▸ **WORK REQUEST**:
Pictures stay out of the copy. Retype exactly the lines below from the one with "Voici Lucien Le" through the one with "Als alle dachten, dass".

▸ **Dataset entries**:
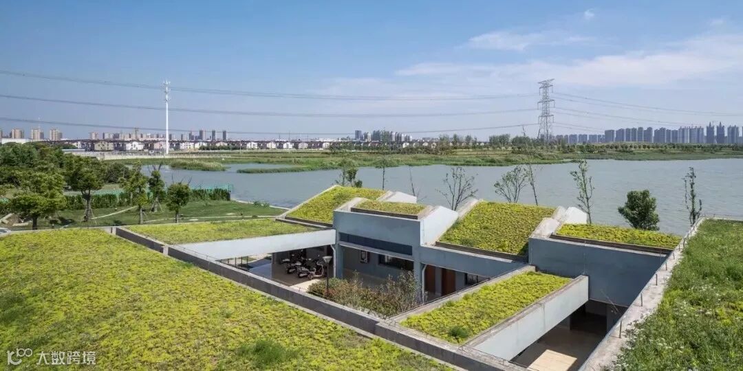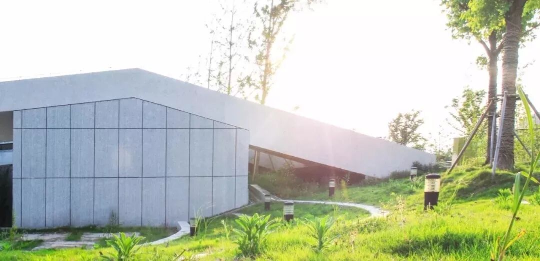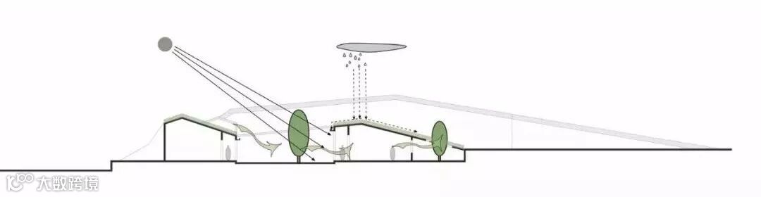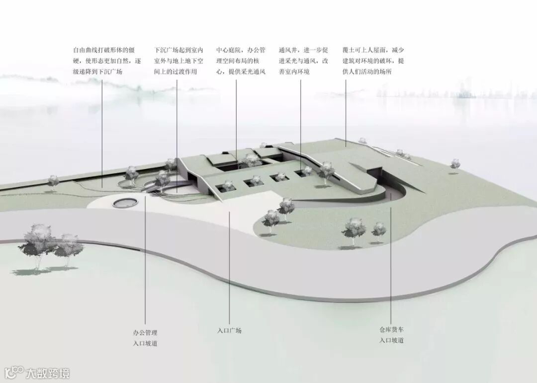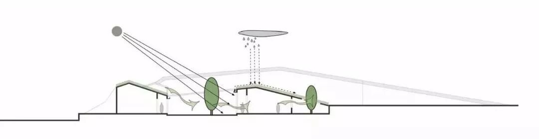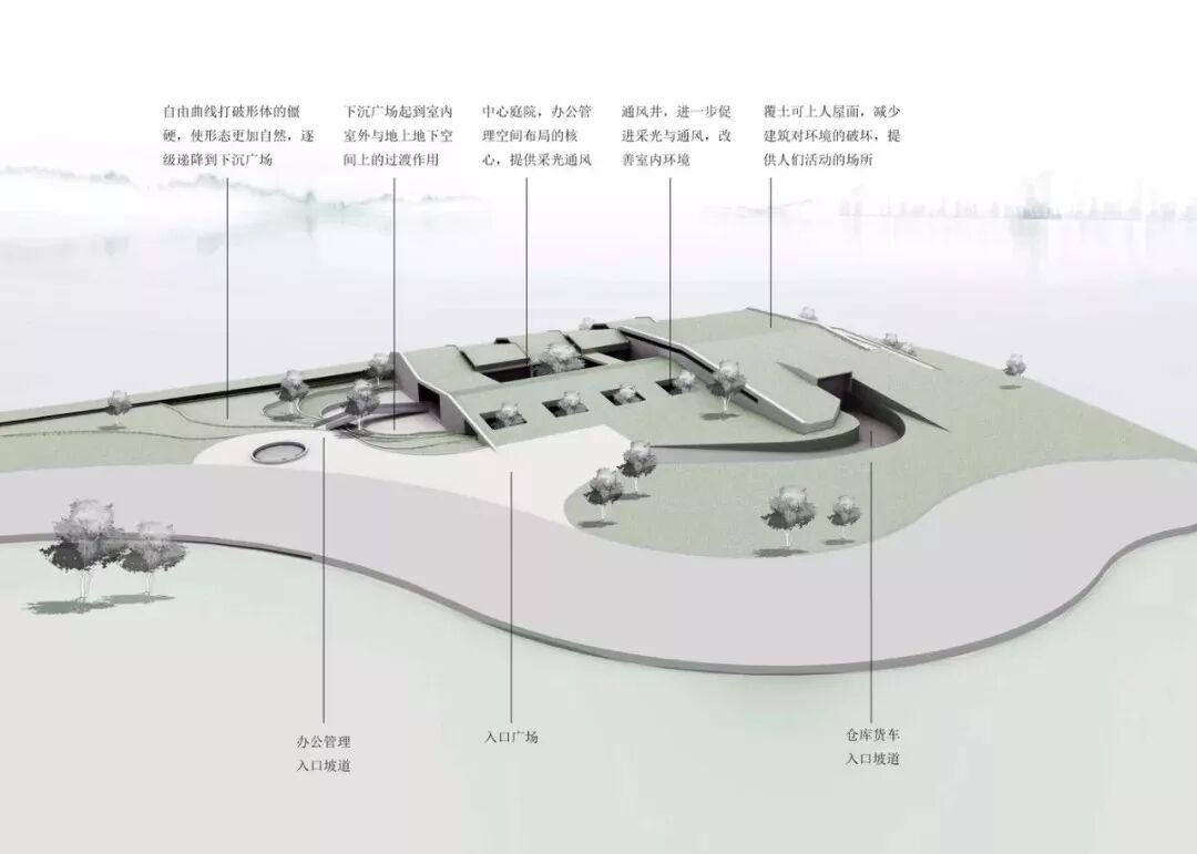 为了让仓库进一步融入到滨湖环境中去,我们把仓库下沉到地面以下,但保证室内地平标高在太湖警戒水位线高程之上。仓库屋顶建造成斜坡状,绿植覆土由湖边草坪逐渐爬升到仓库屋顶,形成屋顶覆土绿植,自然地把仓库掩埋在环境当中。
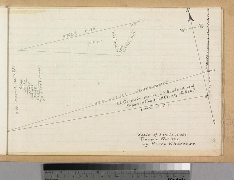 This and the rest of the maps are bound in folder: "Goodwin et al vs. Rowland, Survey of Rancho la Puente..." p. 24; color highlighting, courses, distances, acreage; penciled calculations & notations. Title supplied by cataloger.
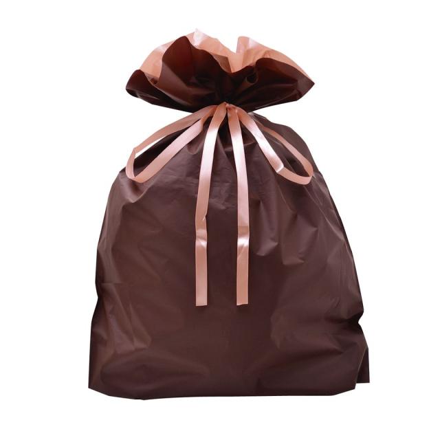 (まとめ買い)ササガワ ギフトバッグ 巾着袋 梨地 リボン付 ブラウン 幅450×高さ560+マチ120mm 1枚入 50-4661 〔×5〕 【北海道・沖縄・離島配送不可】
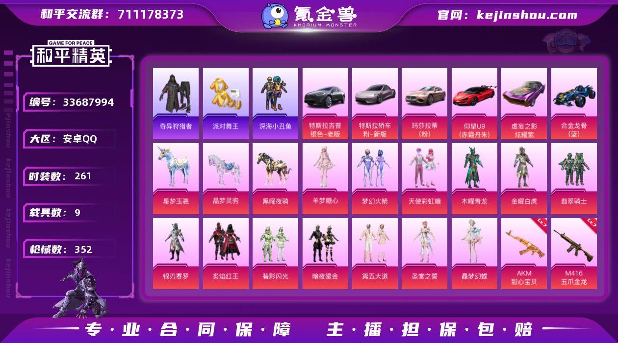 【kyhp1925】安卓 手Q-无敌战神框-13粉装-13特效枪-9载具-9粉色飞行器-130331热力值-25王牌印记-261套装-352枪皮 【热门品类】:粉装-梦幻火箭,绝对防御上衣,套装-浪漫天命,套装-派对舞王,套装-深海小丑鱼,套装-奇异狩猎者,套装-金羽特工,套装-SS1特训,套装-龟仙人,套装-暗影哥特,套装-浪漫波比,熔岩游骑兵连帽夹克 【粉色套装】:粉装-天使彩虹糖,粉装-木曜青龙,粉装-金曜白虎,粉装-梦幻火箭,粉装-翡翠骑士,粉装-银刃赛罗,粉装-炙焰红王,粉装-碧影闪光,粉装-暗夜鎏金,粉装-第五大道,角色-圣堂之誓,角色-晶梦幻蝶,角色-羊梦糖心 【粉色枪皮等级】:AKM-甜心宝贝(七级),AKM-炫紫旋律(四级),SCAR-L-梦幻火箭(五级),M416-五爪金龙(七级),M416-心之恋语(六级),AUG-暖羊咩咩(五级),M762-甜蜜誓约(七级),M762-激战未来(四级),AKS-74U-森灵之息(五级),Kar98K-巳巳如意(五级),Mk14-福马献瑞(五级),DP-28-豹影疾电(五级),MG3-洛神天依(七级) 【粉色载具】:特斯拉Model X(冷光银),特斯拉Roadster(沁心粉),玛莎拉蒂Ghibli(粉),仰望U9(赤霞丹朱),虚妄之影(炫耀紫),合金龙骨(蓝),星梦玉骢,晶梦灵驹,黑曜夜骑 【粉色枪皮】:AKM-甜...
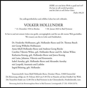 Es hat mich schon sehr berührt, als ich von Volker Hollunders Tod erfuhr. Es gab immer 3 Personen, die ich immer positiv mit meiner Schulzeit verband und die Gespräche mit ihnen genieße, Gerhard Richter, Dr. Dahmann und natürlich Volker.
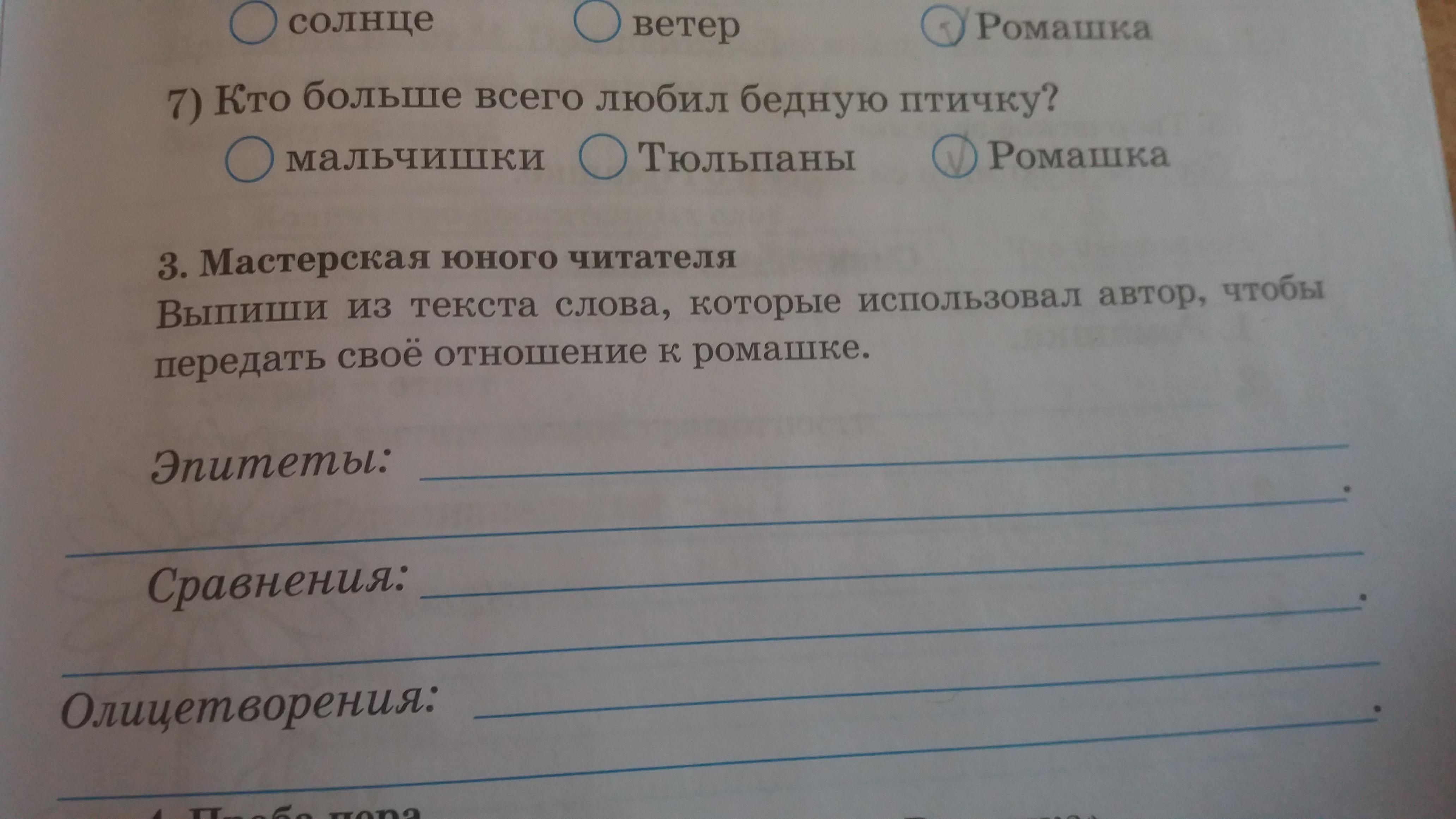 Выпиши из текста слова,которые использовал автор,чтобы передать своё отношение к ромашке.
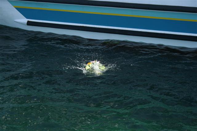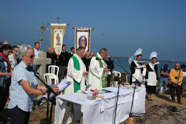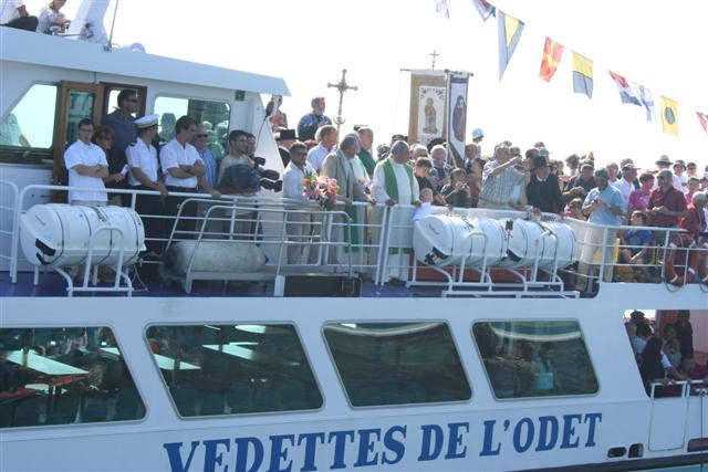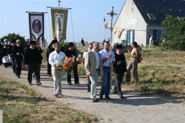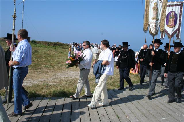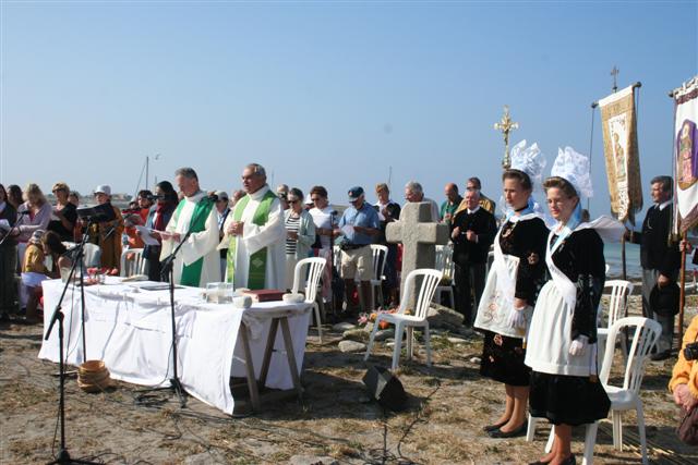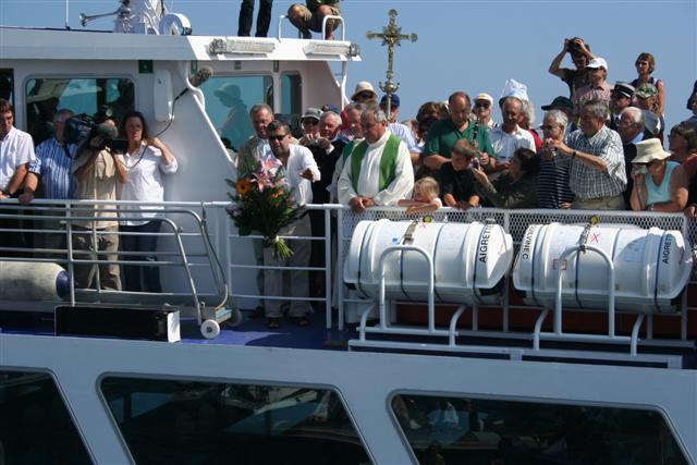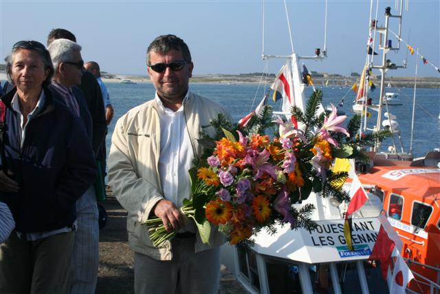 Voici Lucien Le Fur (marin pêcheur à Beg-meil). C’est à lui que revient l’honneur de déposer la gerbe de fleur en mer lors de la célébration.
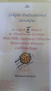 Dnia 24.04.2017 odbył się Finał Powiatowych Zawodów w Mini Piłce Siatkowej chłpców szkół podstawowych w Boronowie. W turnieju startowały następujące drużyny :
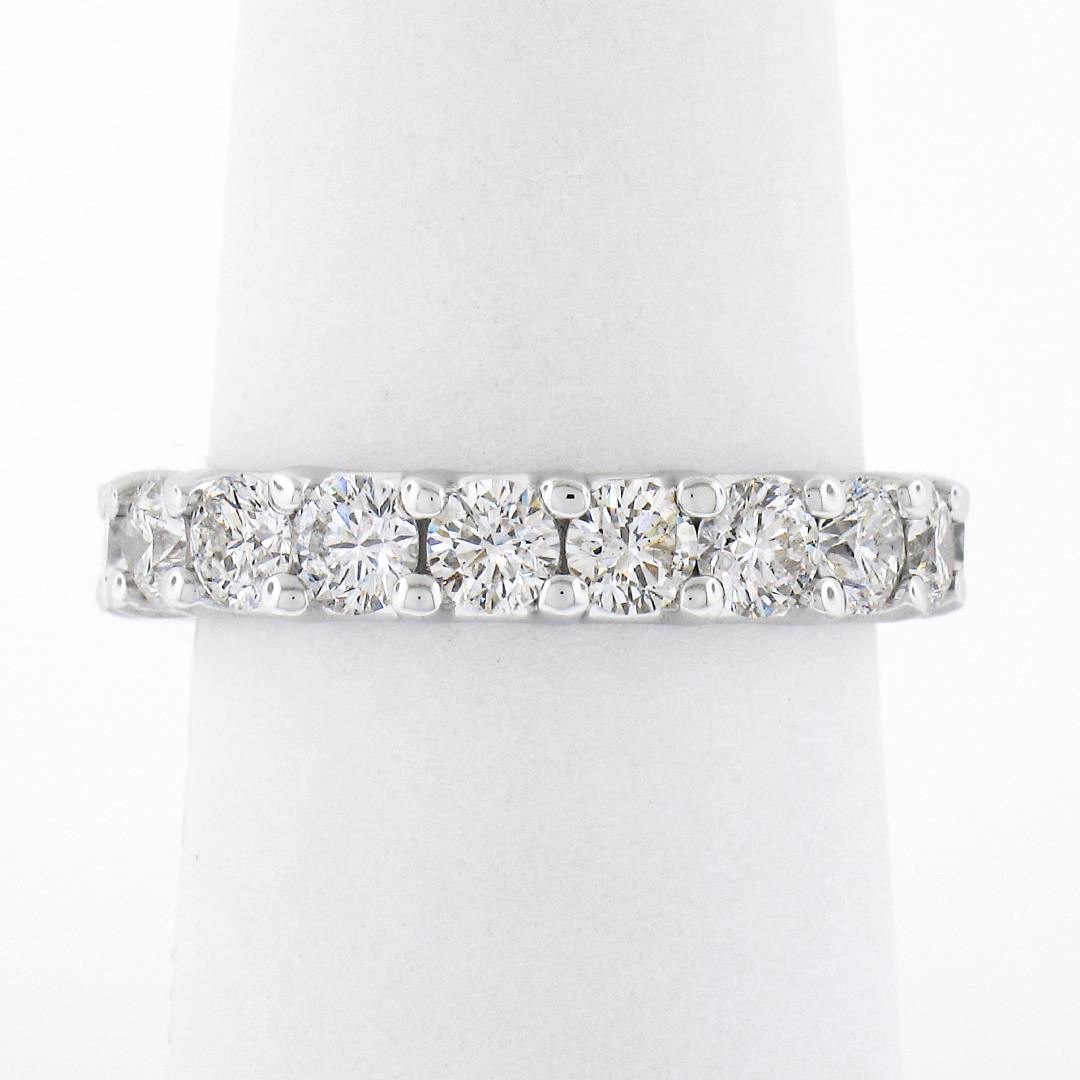 A solid 14k white gold eternity band ring, with 19 round brilliant cut natural diamonds (G/H - SI1/SI2 ; 2.94ctw). The ring is size 8.0, weighs a total of 3.10 grams, and measures 4mm wide.
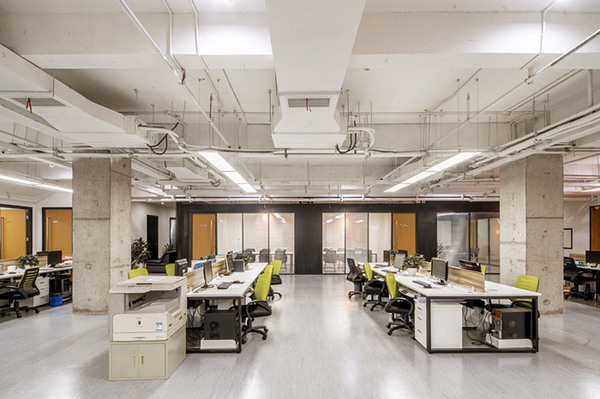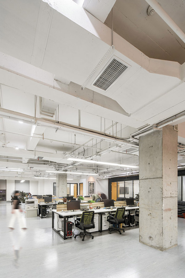 新辦公室的設計之初,本著拋開一切的華而不實的裝飾,保留建筑*本真的空間屬性,柱子和天花被**化的保留原始的風貌,揭示出裸露的構造。
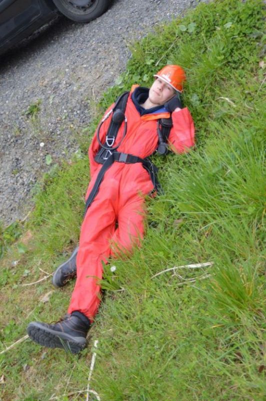Als alle dachten, dass die Übung fast zu Ende ist, musste Paul noch einen Bewusstlosen Angriffstrupp spielen. Er wurde schnell von dem Rettungstrupp gerettet.
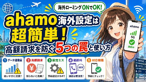 データローミングとは、日本のスマホが海外の現地キャリアの電波を「借りる」ためのスイッチです。普段はオフになっていることがほとんどなので、意識的に切り替えてあげる必要があります。ahamoなら30GBまで追加料金なしで使えるので、ためらわずにオンにしてください。出発ゲートで搭乗を待ちながら、コーヒー片手に数秒で終わる作業です。
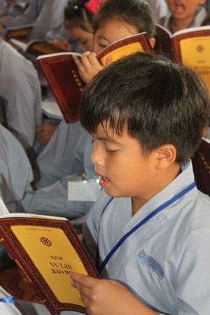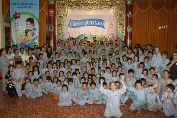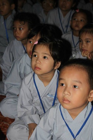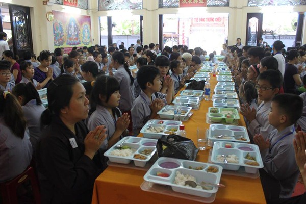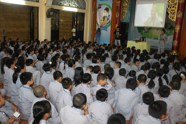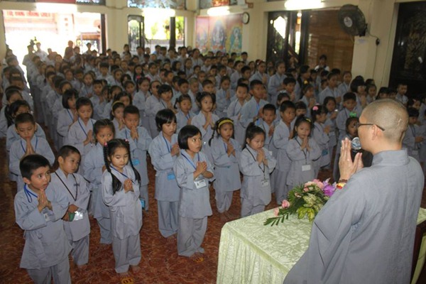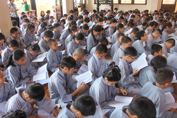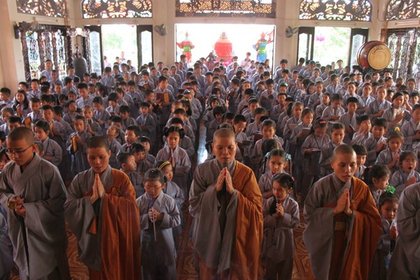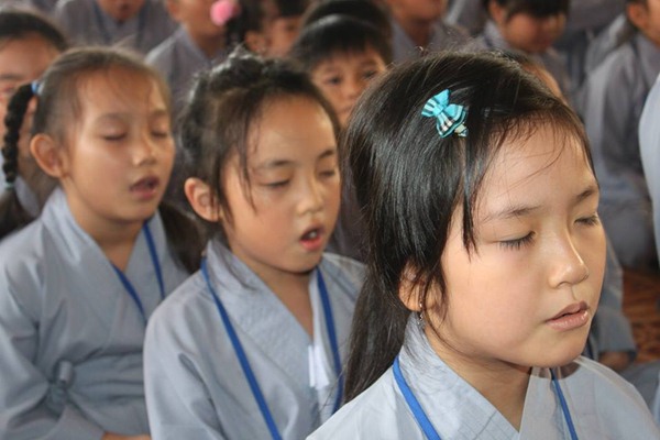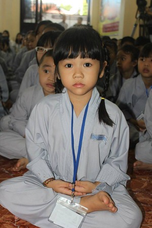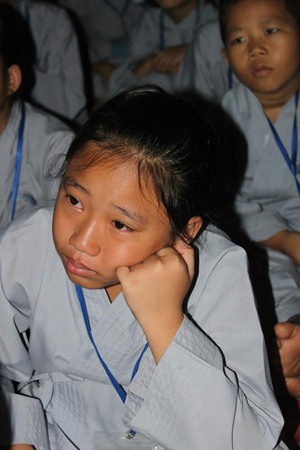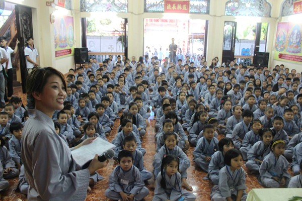 Đặc biệt trong khóa tu kỳ này, 300 tu sinh và 300 phụ huynh cùng được nghe “Cô giáo Gieo Hạt Từ Tâm” Thích Nữ Huệ Đức thuyết pháp về gương hiếu hạnh của Bồ-tát Mục Kiền Liên và tụng kinh Vu Lan.

▸ **PROBLEM SOLUTION**:
 Voici Lucien Le Fur (marin pêcheur à Beg-meil). C’est à lui que revient l’honneur de déposer la gerbe de fleur en mer lors de la célébration.
 Dnia 24.04.2017 odbył się Finał Powiatowych Zawodów w Mini Piłce Siatkowej chłpców szkół podstawowych w Boronowie. W turnieju startowały następujące drużyny :
 A solid 14k white gold eternity band ring, with 19 round brilliant cut natural diamonds (G/H - SI1/SI2 ; 2.94ctw). The ring is size 8.0, weighs a total of 3.10 grams, and measures 4mm wide.
 新辦公室的設計之初,本著拋開一切的華而不實的裝飾,保留建筑*本真的空間屬性,柱子和天花被**化的保留原始的風貌,揭示出裸露的構造。
Als alle dachten, dass die Übung fast zu Ende ist, musste Paul noch einen Bewusstlosen Angriffstrupp spielen. Er wurde schnell von dem Rettungstrupp gerettet.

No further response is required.